### Data supplied

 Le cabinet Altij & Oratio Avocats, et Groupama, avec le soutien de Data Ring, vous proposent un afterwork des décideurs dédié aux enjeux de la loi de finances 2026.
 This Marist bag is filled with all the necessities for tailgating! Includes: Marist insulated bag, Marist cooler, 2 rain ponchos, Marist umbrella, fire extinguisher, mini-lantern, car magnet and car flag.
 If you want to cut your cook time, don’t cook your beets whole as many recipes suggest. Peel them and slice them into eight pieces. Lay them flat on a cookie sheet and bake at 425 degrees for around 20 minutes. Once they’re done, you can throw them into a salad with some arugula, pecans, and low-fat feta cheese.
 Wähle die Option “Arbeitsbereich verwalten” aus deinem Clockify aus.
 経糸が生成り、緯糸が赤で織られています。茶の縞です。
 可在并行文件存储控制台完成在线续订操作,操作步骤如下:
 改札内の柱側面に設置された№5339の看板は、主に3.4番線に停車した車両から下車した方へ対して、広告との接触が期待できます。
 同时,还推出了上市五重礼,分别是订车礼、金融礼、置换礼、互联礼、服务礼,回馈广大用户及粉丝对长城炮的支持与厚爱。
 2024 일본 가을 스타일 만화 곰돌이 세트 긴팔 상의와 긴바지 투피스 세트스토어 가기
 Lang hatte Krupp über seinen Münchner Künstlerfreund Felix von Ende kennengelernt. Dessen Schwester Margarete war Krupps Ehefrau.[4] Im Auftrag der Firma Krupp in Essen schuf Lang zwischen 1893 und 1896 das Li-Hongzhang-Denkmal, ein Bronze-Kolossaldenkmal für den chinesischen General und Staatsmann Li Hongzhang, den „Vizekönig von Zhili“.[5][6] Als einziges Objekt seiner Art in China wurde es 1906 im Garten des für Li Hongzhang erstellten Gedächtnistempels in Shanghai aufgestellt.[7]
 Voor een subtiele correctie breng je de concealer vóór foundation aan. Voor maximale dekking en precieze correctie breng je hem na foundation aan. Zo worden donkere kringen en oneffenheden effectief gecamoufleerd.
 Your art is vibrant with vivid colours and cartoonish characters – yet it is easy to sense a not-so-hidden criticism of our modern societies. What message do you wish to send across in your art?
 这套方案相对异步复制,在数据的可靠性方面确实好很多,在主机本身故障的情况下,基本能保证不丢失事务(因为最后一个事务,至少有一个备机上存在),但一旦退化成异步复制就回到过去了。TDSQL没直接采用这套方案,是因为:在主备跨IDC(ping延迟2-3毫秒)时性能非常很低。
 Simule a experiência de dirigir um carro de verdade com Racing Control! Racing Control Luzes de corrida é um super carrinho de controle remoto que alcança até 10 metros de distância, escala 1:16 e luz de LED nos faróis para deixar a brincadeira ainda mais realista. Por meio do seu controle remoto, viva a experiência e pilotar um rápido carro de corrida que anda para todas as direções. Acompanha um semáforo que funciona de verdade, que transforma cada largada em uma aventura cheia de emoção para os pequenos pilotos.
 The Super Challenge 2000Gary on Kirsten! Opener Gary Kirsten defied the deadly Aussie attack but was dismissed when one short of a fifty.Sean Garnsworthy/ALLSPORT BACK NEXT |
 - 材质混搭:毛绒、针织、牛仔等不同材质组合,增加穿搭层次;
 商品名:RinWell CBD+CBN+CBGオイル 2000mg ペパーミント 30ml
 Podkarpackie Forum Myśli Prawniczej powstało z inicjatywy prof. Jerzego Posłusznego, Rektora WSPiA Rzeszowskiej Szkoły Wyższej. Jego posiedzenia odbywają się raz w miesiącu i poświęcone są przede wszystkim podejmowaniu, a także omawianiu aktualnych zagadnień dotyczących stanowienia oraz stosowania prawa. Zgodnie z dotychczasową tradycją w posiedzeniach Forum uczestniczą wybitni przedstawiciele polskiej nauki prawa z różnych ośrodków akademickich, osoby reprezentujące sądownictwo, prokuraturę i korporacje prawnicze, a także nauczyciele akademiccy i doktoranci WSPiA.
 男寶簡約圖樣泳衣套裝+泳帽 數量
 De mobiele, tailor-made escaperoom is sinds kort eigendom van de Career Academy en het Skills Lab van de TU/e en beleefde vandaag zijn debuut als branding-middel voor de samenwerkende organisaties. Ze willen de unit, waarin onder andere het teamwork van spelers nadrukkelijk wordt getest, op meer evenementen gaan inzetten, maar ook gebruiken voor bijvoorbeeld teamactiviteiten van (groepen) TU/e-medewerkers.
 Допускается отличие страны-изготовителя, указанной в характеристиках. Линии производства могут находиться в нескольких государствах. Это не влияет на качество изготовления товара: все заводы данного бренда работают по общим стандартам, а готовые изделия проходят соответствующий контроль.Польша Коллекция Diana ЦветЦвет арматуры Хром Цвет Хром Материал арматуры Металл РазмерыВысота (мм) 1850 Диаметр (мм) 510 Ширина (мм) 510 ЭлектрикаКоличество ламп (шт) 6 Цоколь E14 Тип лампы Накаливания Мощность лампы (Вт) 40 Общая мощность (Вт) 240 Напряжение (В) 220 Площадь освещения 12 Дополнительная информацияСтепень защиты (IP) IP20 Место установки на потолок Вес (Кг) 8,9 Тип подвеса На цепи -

### Task
Please transcribe the listing in its entirety, exactly.

### Result below
 Le cabinet Altij & Oratio Avocats, et Groupama, avec le soutien de Data Ring, vous proposent un afterwork des décideurs dédié aux enjeux de la loi de finances 2026.
 This Marist bag is filled with all the necessities for tailgating! Includes: Marist insulated bag, Marist cooler, 2 rain ponchos, Marist umbrella, fire extinguisher, mini-lantern, car magnet and car flag.
 If you want to cut your cook time, don’t cook your beets whole as many recipes suggest. Peel them and slice them into eight pieces. Lay them flat on a cookie sheet and bake at 425 degrees for around 20 minutes. Once they’re done, you can throw them into a salad with some arugula, pecans, and low-fat feta cheese.
 Wähle die Option “Arbeitsbereich verwalten” aus deinem Clockify aus.
 経糸が生成り、緯糸が赤で織られています。茶の縞です。
 可在并行文件存储控制台完成在线续订操作,操作步骤如下:
 改札内の柱側面に設置された№5339の看板は、主に3.4番線に停車した車両から下車した方へ対して、広告との接触が期待できます。
 同时,还推出了上市五重礼,分别是订车礼、金融礼、置换礼、互联礼、服务礼,回馈广大用户及粉丝对长城炮的支持与厚爱。
 2024 일본 가을 스타일 만화 곰돌이 세트 긴팔 상의와 긴바지 투피스 세트스토어 가기
 Lang hatte Krupp über seinen Münchner Künstlerfreund Felix von Ende kennengelernt. Dessen Schwester Margarete war Krupps Ehefrau.[4] Im Auftrag der Firma Krupp in Essen schuf Lang zwischen 1893 und 1896 das Li-Hongzhang-Denkmal, ein Bronze-Kolossaldenkmal für den chinesischen General und Staatsmann Li Hongzhang, den „Vizekönig von Zhili“.[5][6] Als einziges Objekt seiner Art in China wurde es 1906 im Garten des für Li Hongzhang erstellten Gedächtnistempels in Shanghai aufgestellt.[7]
 Voor een subtiele correctie breng je de concealer vóór foundation aan. Voor maximale dekking en precieze correctie breng je hem na foundation aan. Zo worden donkere kringen en oneffenheden effectief gecamoufleerd.
 Your art is vibrant with vivid colours and cartoonish characters – yet it is easy to sense a not-so-hidden criticism of our modern societies. What message do you wish to send across in your art?
 这套方案相对异步复制,在数据的可靠性方面确实好很多,在主机本身故障的情况下,基本能保证不丢失事务(因为最后一个事务,至少有一个备机上存在),但一旦退化成异步复制就回到过去了。TDSQL没直接采用这套方案,是因为:在主备跨IDC(ping延迟2-3毫秒)时性能非常很低。
 Simule a experiência de dirigir um carro de verdade com Racing Control! Racing Control Luzes de corrida é um super carrinho de controle remoto que alcança até 10 metros de distância, escala 1:16 e luz de LED nos faróis para deixar a brincadeira ainda mais realista. Por meio do seu controle remoto, viva a experiência e pilotar um rápido carro de corrida que anda para todas as direções. Acompanha um semáforo que funciona de verdade, que transforma cada largada em uma aventura cheia de emoção para os pequenos pilotos.
 The Super Challenge 2000Gary on Kirsten! Opener Gary Kirsten defied the deadly Aussie attack but was dismissed when one short of a fifty.Sean Garnsworthy/ALLSPORT BACK NEXT |
 - 材质混搭:毛绒、针织、牛仔等不同材质组合,增加穿搭层次;
 商品名:RinWell CBD+CBN+CBGオイル 2000mg ペパーミント 30ml
 Podkarpackie Forum Myśli Prawniczej powstało z inicjatywy prof. Jerzego Posłusznego, Rektora WSPiA Rzeszowskiej Szkoły Wyższej. Jego posiedzenia odbywają się raz w miesiącu i poświęcone są przede wszystkim podejmowaniu, a także omawianiu aktualnych zagadnień dotyczących stanowienia oraz stosowania prawa. Zgodnie z dotychczasową tradycją w posiedzeniach Forum uczestniczą wybitni przedstawiciele polskiej nauki prawa z różnych ośrodków akademickich, osoby reprezentujące sądownictwo, prokuraturę i korporacje prawnicze, a także nauczyciele akademiccy i doktoranci WSPiA.
 男寶簡約圖樣泳衣套裝+泳帽 數量
 De mobiele, tailor-made escaperoom is sinds kort eigendom van de Career Academy en het Skills Lab van de TU/e en beleefde vandaag zijn debuut als branding-middel voor de samenwerkende organisaties. Ze willen de unit, waarin onder andere het teamwork van spelers nadrukkelijk wordt getest, op meer evenementen gaan inzetten, maar ook gebruiken voor bijvoorbeeld teamactiviteiten van (groepen) TU/e-medewerkers.
 Допускается отличие страны-изготовителя, указанной в характеристиках. Линии производства могут находиться в нескольких государствах. Это не влияет на качество изготовления товара: все заводы данного бренда работают по общим стандартам, а готовые изделия проходят соответствующий контроль.Польша Коллекция Diana ЦветЦвет арматуры Хром Цвет Хром Материал арматуры Металл РазмерыВысота (мм) 1850 Диаметр (мм) 510 Ширина (мм) 510 ЭлектрикаКоличество ламп (шт) 6 Цоколь E14 Тип лампы Накаливания Мощность лампы (Вт) 40 Общая мощность (Вт) 240 Напряжение (В) 220 Площадь освещения 12 Дополнительная информацияСтепень защиты (IP) IP20 Место установки на потолок Вес (Кг) 8,9 Тип подвеса На цепи -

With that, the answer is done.